Get to know your characters.

“There are certain fictional character’s deaths you will never recover from. Ever.”

Spoiler alert…

I don’t know about you, (or maybe I speak on behalf of everyone who’s a keen reader) but I take fictional characters very seriously.

One minute, you’re enjoying your favourite book as a child and then BOOM. Dumbledore gets blasted with the killing curse and you don’t know what to do with yourself. You stop reading as you feel your world crashing around you and you really don’t know whether to carry on or not. You were starting to come round to understanding why Snape acted as he did but that guy was obviously a lunatic from the start. As you can see, I never fully recovered…

I think what I’m trying to say there is that when you get so involved in a story, you become so attached to certain characters that if something tragic happens, you feel a little bit of heartbreak. A bit of a loss. That’s because your mind has invested so much time into getting to know a character and his or her way of life. It’s strange in a way. A good book will always make you think you personally know a character, even though it’s pretty obvious you don’t.

What’s also rather funny is that loss you feel after finishing a book, or from watching that final episode of Breaking Bad. You’ve followed the story-line from start to end, and when it finishes…

‘Now what?’

As saddening as it may be when this happens, that’s the sign of a good story. A story that’s had time and effort poured into it, and for something fictional to have that much of an impact to our thoughts and emotions… well, that’s pretty amazing to me.

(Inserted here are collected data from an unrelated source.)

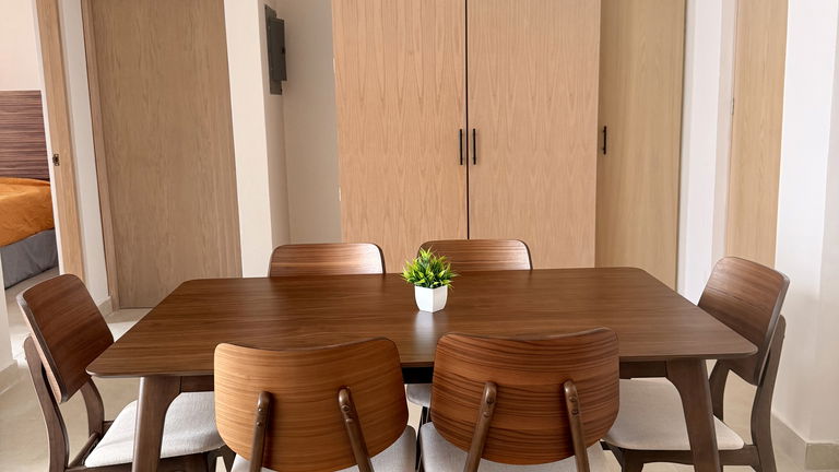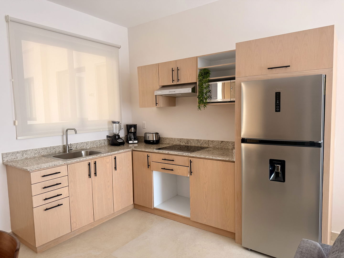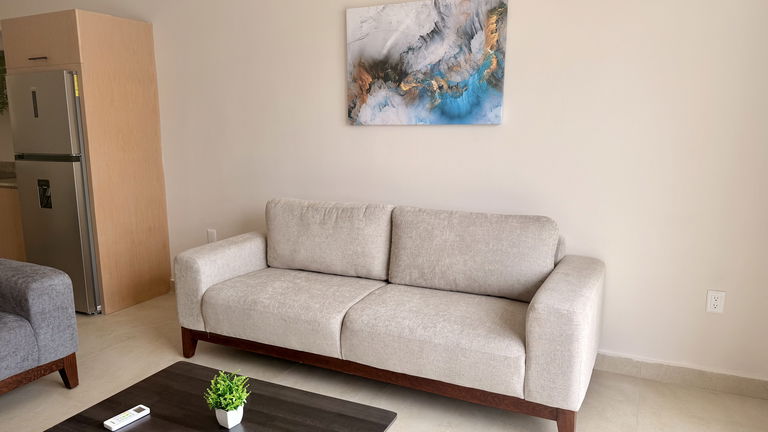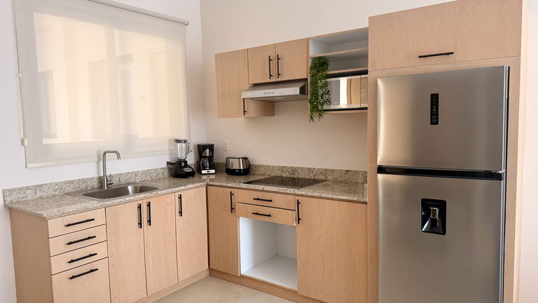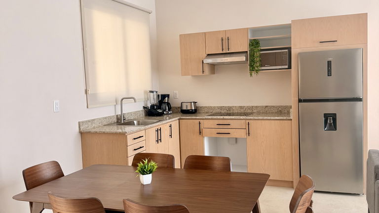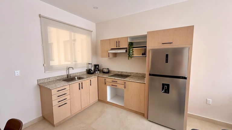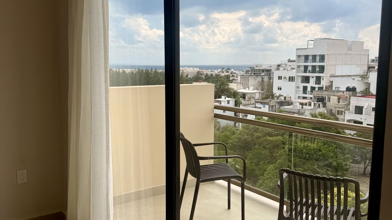 Disfruta de una estancia perfecta para compartir en nuestra Family Two Bedroom Balcony, un espacio diseñado para ofrecer comodidad, estilo y momentos inolvidables en familia o con amigos. Esta amplia suite cuenta con dos recámaras: una con cama King y otra con cama Queen, ambas pensadas para brindar el máximo descanso. El área social combina elegancia y confort con un sofá de dos plazas, un butacón y una mesa de centro, creando el ambiente ideal para relajarse o disfrutar de una conversación. Comparte tus comidas en la mesa para comer, o prepara tus platillos favoritos en la cocina completamente equipada. Además, el balcón con vista a la icónica 5ª Avenida, amueblado con dos sillas, ofrece un rincón encantador para disfrutar de la brisa y el ambiente de la ciudad.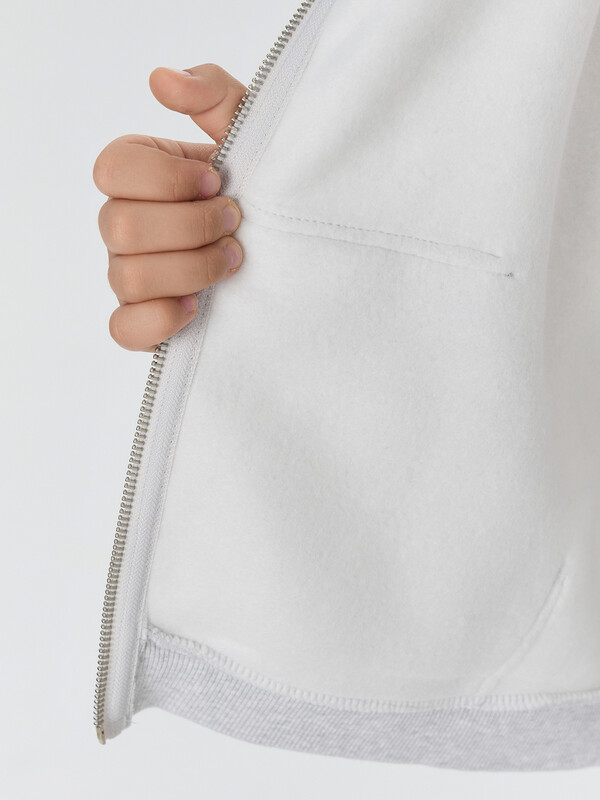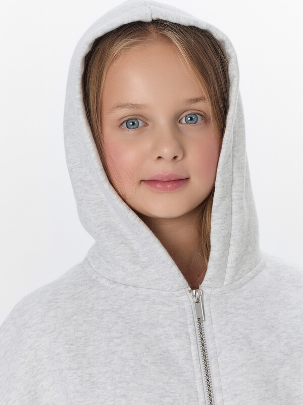 Толстовка свободного кроя с капюшоном и спущенными плечами обеспечивает свободу движений. Центральная застежка на молнию и практичные карманы-кенгуру делают модель функциональной. Эластичные манжеты и пояс из рибаны бережно фиксируют изделие.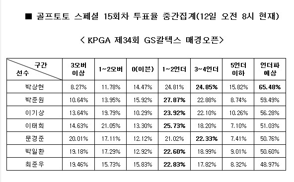 국내 골프팬들은 KPGA투어 제34회 GS칼텍스 매경오픈에서 박상현의 언더파 가능성을 높게 예상했다.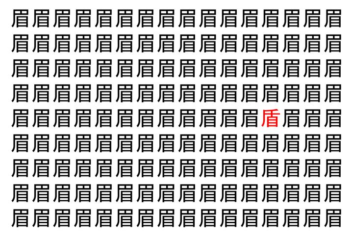 画像の中には、「眉」という漢字が縦に9行、横に16個並んでいます。 全部で144個となりますが・・・、そのうち1つは「異なる漢字」となってますよ!!

Something I didn’t do at the start of writing my own story, (which I deeply regret) and is something that’s next on my story to-do list, is create character profiles. I was rather stubborn when starting my story. I read about creating profiles, but I never actually sat and did them. I thought I knew better, obviously…but when getting to a certain scene, my mind thought, “Hang on a minute. How would my protagonist react to something like this?” That’s when it hit me.

Who even are my characters?!

And then, I saw something else. Thanks again, Life is Strange.

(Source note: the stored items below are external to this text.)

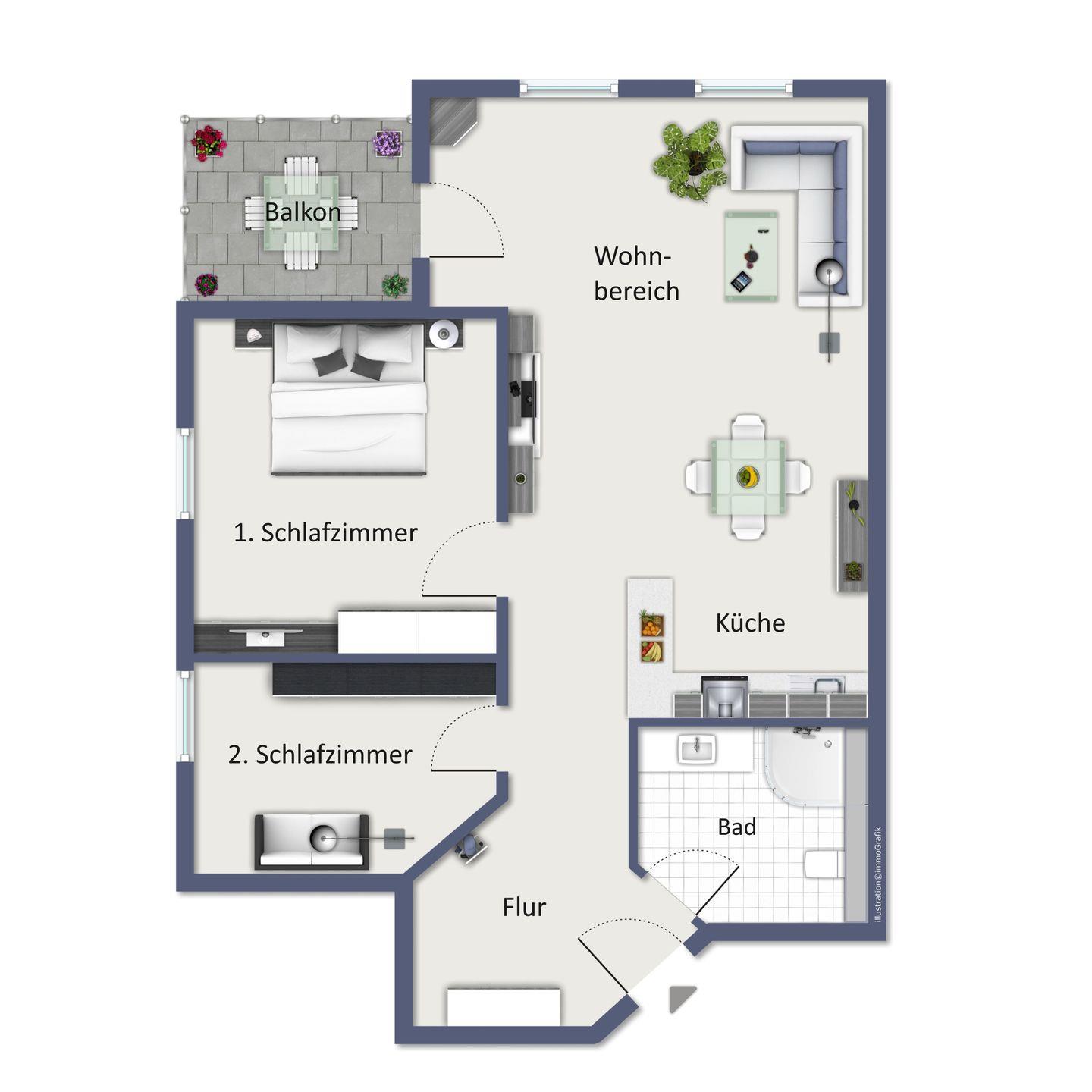 Wohnfläche 54 m²
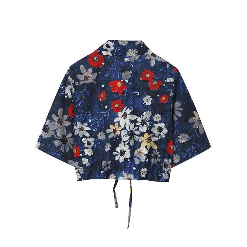 サマースタンダードプリント柄ショートシャツ スタイルギャザークロップトップ トップス レトロ 夏物 ケッペル85473685595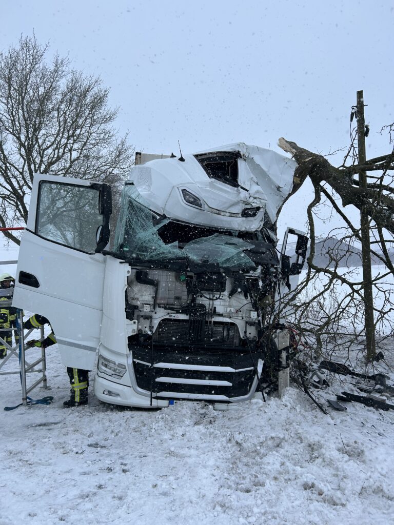 Ein Lkw-Fahrer verlor, bei seinem Überholvorgang, die Kontrolle über das Fahrzeug, kam nach links in den Straßenraum und prallte frontal gegen einen Baum. Der Aufprall war so stark, dass das Führerhaus völlig zerstört wurde, der Straßenbaum in der Mitte abbrach und die Telefonleitung zerriss.

The ultimate character profile in the form of a diary entry. A profile which not only describes who Chloe is, but really brings out her rebellious character and witty sense of humour. I can’t tell you how much I’ve loved reading these, not only for Chloe’s character, but for all main characters in the series. You don’t even have to play the games to know what they’re like as fictional people, (although I would definitely recommend it.)

My next task when working on my story, is to come up with a list of characters and write all about them for as long as it takes, and before you write anything on your story, I recommend this is something you do too. If not, you’ll reach the same place I did, questioning whether your main character is a human or a dog. Hmm, ideas, ideas…

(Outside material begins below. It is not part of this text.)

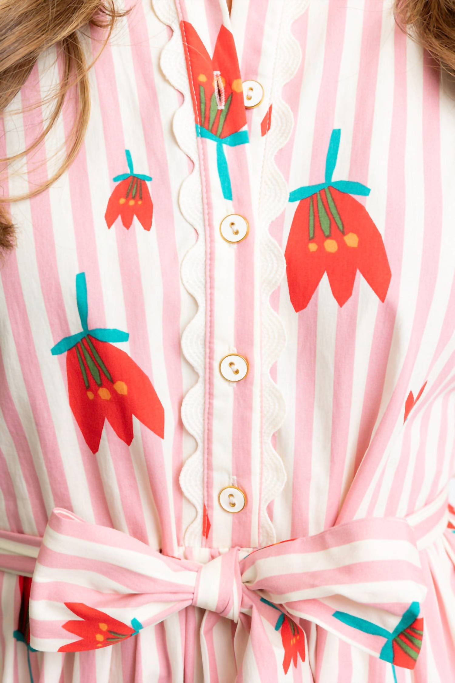 A maxi dress that is just as cute as it is comfortable. Introducing the Stripe Poppy Maxi Dress by Karlie, a vibrant must-have for your spring wardrobe. This charming dress features cap sleeves and a colorful pink stripe pattern with a striking red poppy print. The button closure adds convenience, and an optional tie belt offers versatile styling options. Crafted for women with a practical addition of pockets, care is simple with dry cleaning recommended. 100% cotton.

Decide what your character’s likes and dislikes are. What is their gender, their age, and what do they like for breakfast on a Sunday morning? The more detailed you can be with your character profile, the more you’ll be able to get inside their heads. The more you’ll be able to feel their emotions and think their thoughts. How would they react around someone they loathe, how would they cope with embarrassment? The possibilities are endless and I guarantee you’ll have so much fun with this.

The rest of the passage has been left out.